DATA:
************
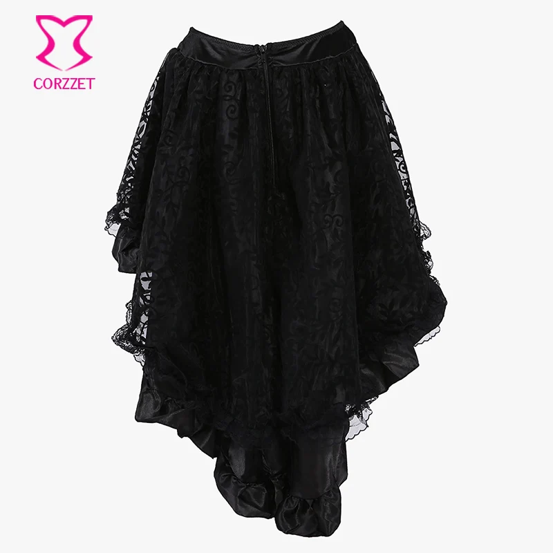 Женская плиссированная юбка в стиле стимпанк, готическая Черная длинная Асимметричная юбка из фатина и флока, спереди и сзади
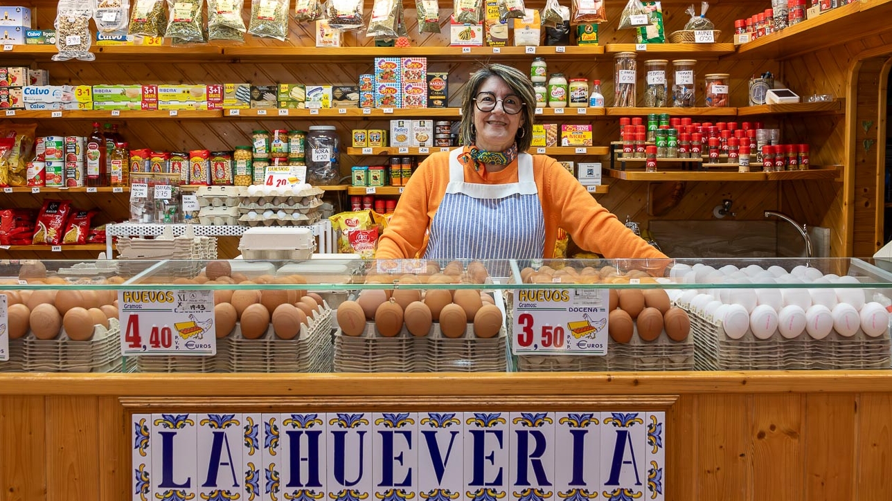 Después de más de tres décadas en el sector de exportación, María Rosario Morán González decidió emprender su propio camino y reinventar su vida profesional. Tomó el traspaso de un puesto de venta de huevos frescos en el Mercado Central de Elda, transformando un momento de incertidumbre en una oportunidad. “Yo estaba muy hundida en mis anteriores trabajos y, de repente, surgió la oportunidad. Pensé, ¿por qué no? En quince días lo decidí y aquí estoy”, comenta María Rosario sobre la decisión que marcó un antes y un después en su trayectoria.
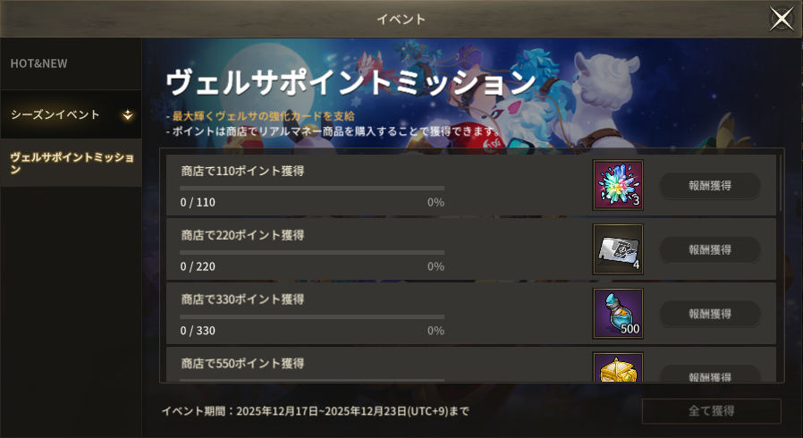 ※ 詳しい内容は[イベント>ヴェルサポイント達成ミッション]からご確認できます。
************
WHAT TO PRODUCE: An exact transcription of the material is required, without any pictures.

PROBLEM SOLUTION:
 Женская плиссированная юбка в стиле стимпанк, готическая Черная длинная Асимметричная юбка из фатина и флока, спереди и сзади
 Después de más de tres décadas en el sector de exportación, María Rosario Morán González decidió emprender su propio camino y reinventar su vida profesional. Tomó el traspaso de un puesto de venta de huevos frescos en el Mercado Central de Elda, transformando un momento de incertidumbre en una oportunidad. “Yo estaba muy hundida en mis anteriores trabajos y, de repente, surgió la oportunidad. Pensé, ¿por qué no? En quince días lo decidí y aquí estoy”, comenta María Rosario sobre la decisión que marcó un antes y un después en su trayectoria.
 ※ 詳しい内容は[イベント>ヴェルサポイント達成ミッション]からご確認できます。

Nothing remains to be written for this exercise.